Begin by praying the Collect for Grace and Collect for Purity.
Collect for Grace:
Lord God, almighty and everlasting Father, you have brought us safely to this new day: Preserve us with your mighty power, that we may not fall into sin, nor be overcome by adversity; and in all we do, direct us to the fulfilling of your purpose; through Jesus Christ our Lord. Amen.
Collect for Purity:
Almighty God, to you all hearts are open, all desires known, and from you no secrets are hidden: Cleanse the thoughts of our hearts by the inspiration of your Holy Spirit, that we might perfectly love you, and worthily magnify your holy name; through Jesus Christ our Lord. Amen.
Read: Psalm 1, Acts 15:12-22a, 1 Corinthians 15:1-11, and Luke 4:14-21
There were two men named James who were among Jesus’ disciples; the older one, brother to John and son of Zebedee was known as “James the Great”, while the younger one was known variously by James “the Less”, “of Jerusalem”, “the Righteous”, “son of Alphaeus”, and “the brother of the Lord”.
This last name comes from his relation to Jesus. Some, who believe that the Mary never had children other than Jesus, say that James was Jesus’ cousin – which in those days was about the same as being a brother, and since neither Aramaic (Jesus’ native tongue) nor Hebrew had a word for cousin, the word brother would have been used. Others, who believe that Mary did have children after Jesus, point to the listing of James, Joses, Jude, and Simon (Mt. 13:55) as Jesus’ brothers, and that therefore James was Jesus’ half-brother.
James is said to have been a Nazarite – one who does not shave or cut hair, or drink wine or eat grapes. James apparently took this further, becoming one who never drank strong drink, never ate meat, and never shaved, anointed himself with oil, or even bathed! He prayed so often in the temple that his knees are said to have become as tough and hard as camels’ knees.
After Jesus’ ascension, James began to grow in importance. He eventually became the first bishop of Jerusalem. St. Paul writes about meeting with him and St. Peter at the first Jerusalem Council, which occurred about 50ce. Later on he authored the Epistle, known as “the Proverbs of the New Testament”. He also wrote a liturgy for Christian worship; it is the oldest liturgy we have.

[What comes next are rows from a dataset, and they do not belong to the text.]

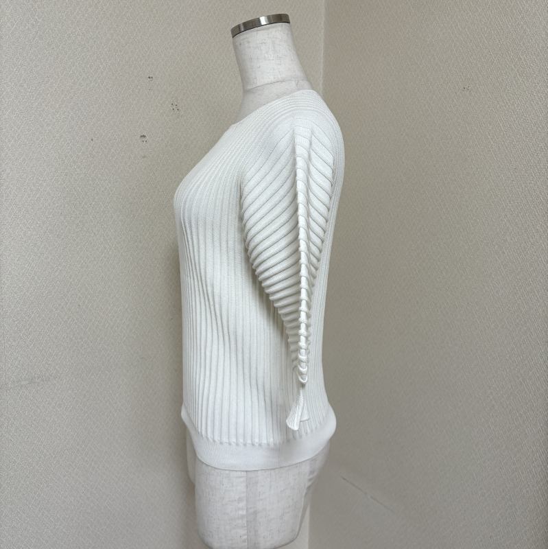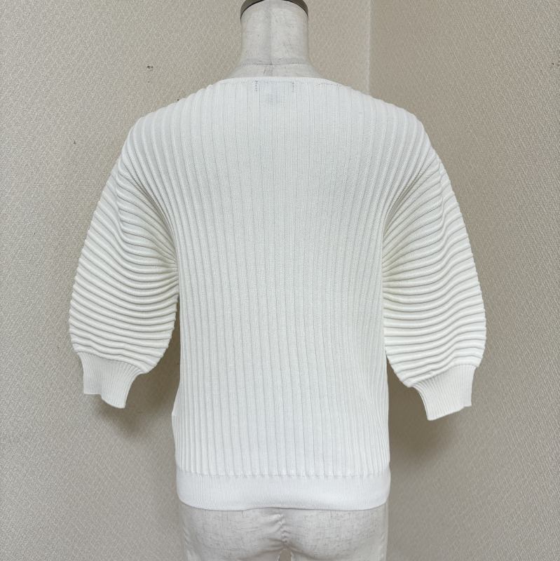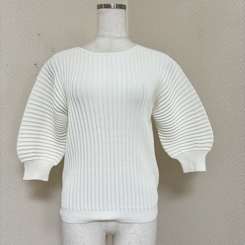 Product name: INDIVI インディヴィ レディース セーター 洗えるニット 接触冷感 ボリュームスリーブ サマーニット 5分袖 ホワイト 白 5号 XS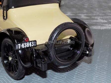 Descrição: Miniatura com abertura 6 módulos capos, portas, direcção móvel. E.L M.F - Carroçaria de zamak 45%. Chassis, capota, bancos, cmds, rodas, motor de plástico 45%. Pneus de borracha 10%. M = C-228mm, L-97mm, A-104mm, P-523Gr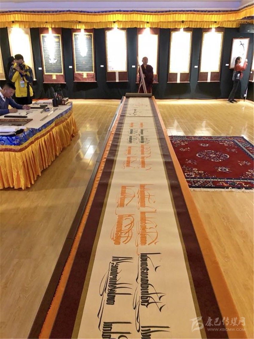 站在“倉央嘉措詩歌藏文書法百米長卷”面前,來自成都的徐賢前感嘆到:“我一直都很喜歡倉央嘉措的詩歌,但從來沒有想過可以通過書畫的形式來展現(xiàn)倉央嘉措詩歌,雖然我看不懂藏文,但是依然感到震撼,這次我真是不虛此行??!”據(jù)了解,在詩歌節(jié)期間,理塘縣電子商務(wù)孵化中心書畫文化廳內(nèi)展出由縣級非遺卓擦?xí)▊鞒腥恕⒖h級非遺噶瑪嘎孜派唐卡傳承人、縣書法協(xié)會成員等集合而成的近60幅藏漢書畫作品。其中,首次對外展出的“倉央嘉措詩歌藏文書法百米長卷”引來了眾多參觀者的圍觀。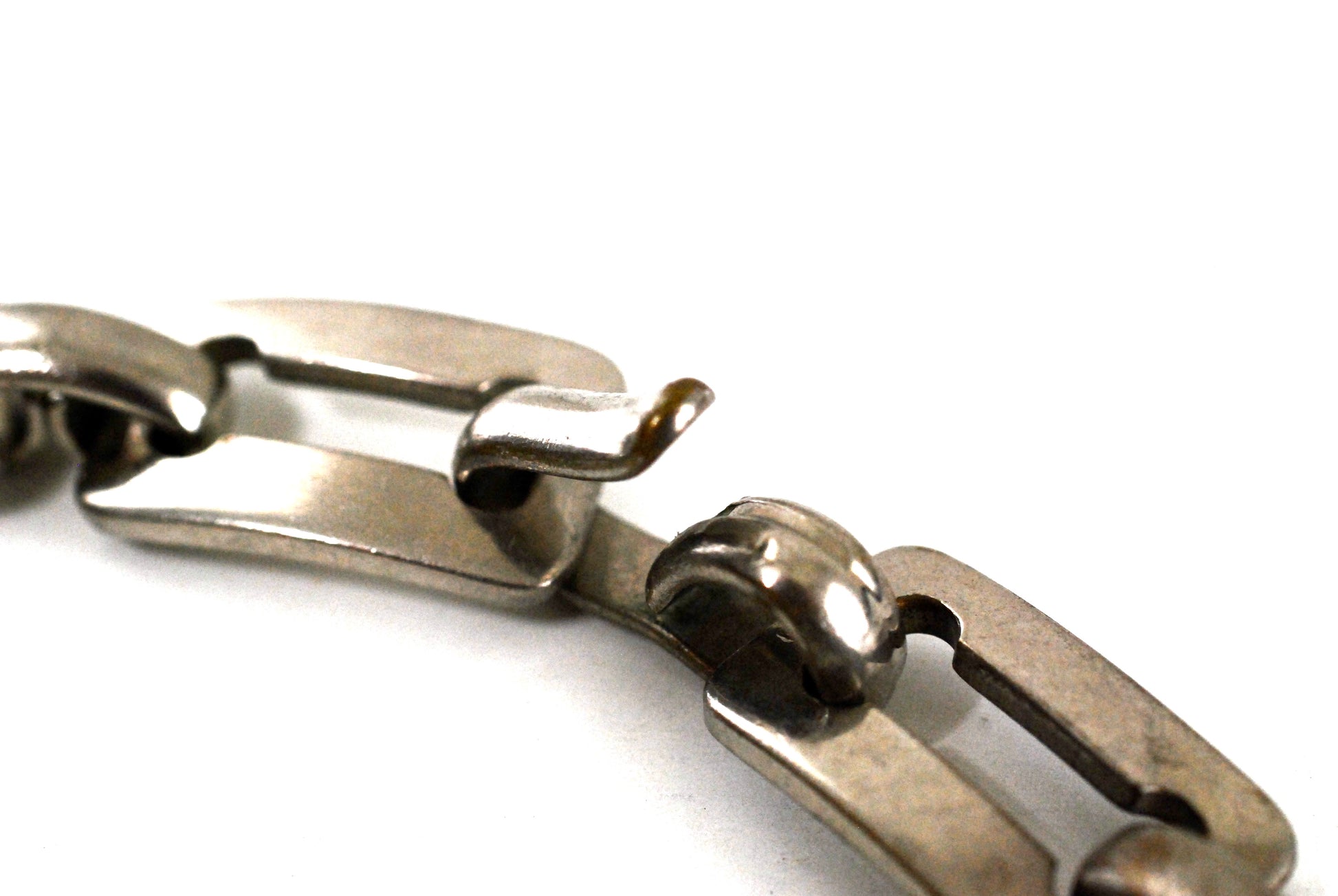 This big and bold choker length necklace sits close to the collarbone. It's made of solid heavy steel and has a simple hook clasp. A very old piece that fits perfectly with newer bold styles. Make a statement by adding a delicate chain with this piece for a goth or biker look. Industrial look chain from the 1940's.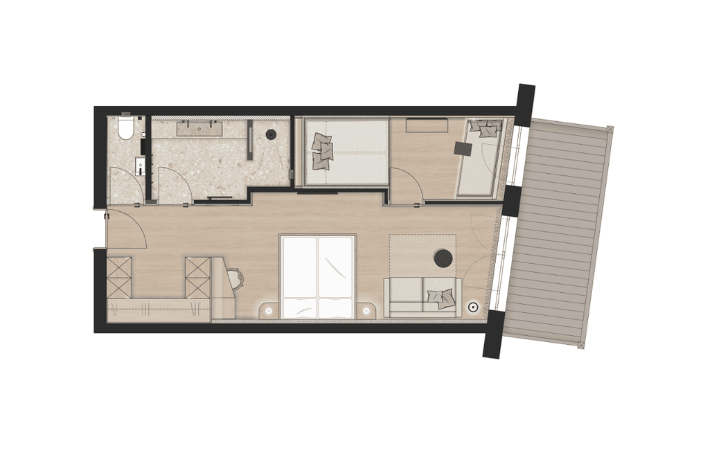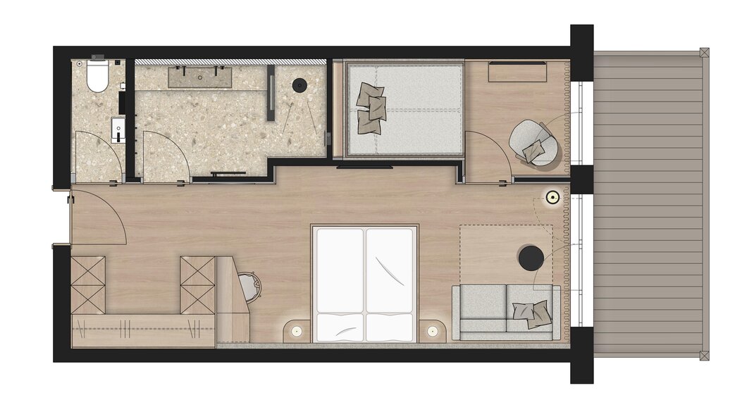 Room amenities: mini-bar, espresso machine / tea bar, flatscreen TV, WiFi, telephone, safe, pull-out sofabed, large 180 cm x 210 cm bed, wood floors, south-facing loggia with lounge chairs, private infrared sauna -
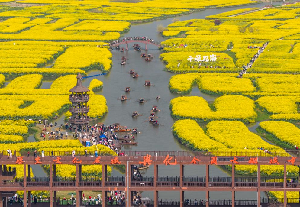 4月4日,游客在江苏省兴化市千垛景区赏花游玩(无人机照片)。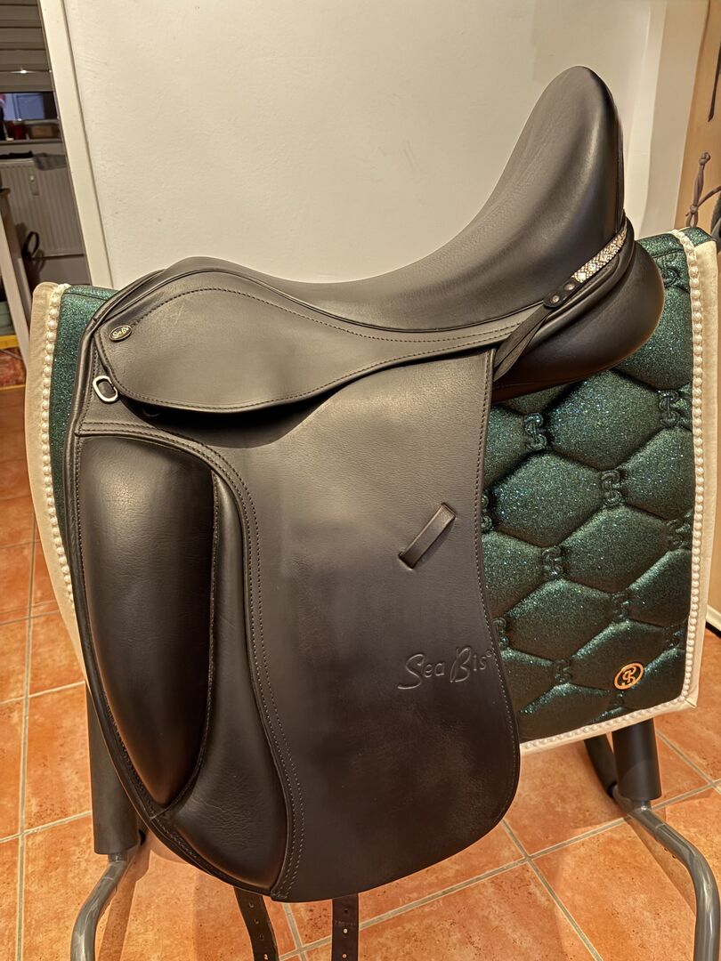 Dressursattel Seabis Vigo Pro passt perfekt auf kurze, gerade Pferderücken mit deutlich ausgeprägter Widerristpartie und einer prominenten Schulter. Durch die aufgesetzten Pauschen bietet er besonders viel Halt!

James was martyred in about 60ce, following the death of the Roman governor Festus (of Acts 25 fame), but before his successor had taken office. He was accused by the High Priest and Sanhedrin “of breaking the law” and was thrown off the temple and stoned. As the rocks were falling on him, he knelt and prayed that God would forgive them. Someone shouted, “Cease, what are you doing? The just man is praying for us.” But someone else, a man who dyed cloth, took his club and hurled it at James’ head, killing him. The historian and priest, St. Jerome, later wrote that the Jews considered the act to be little more than judicial murder, and it angered many people.
St. James gave his life to holiness and leadership. When being stoned he prayed for his attackers, begging God to forgive them. We can learn much from James’ example. You may find the following prayer helpful:
Grant, O God, that, following the example of your servant James the Just, brother of our Lord, your Church may give itself continually to prayer and to the reconciliation of all who are at variance and enmity; through Jesus Christ our Lord, who lives and reigns with you and the Holy Spirit, one God, for and ever. Amen.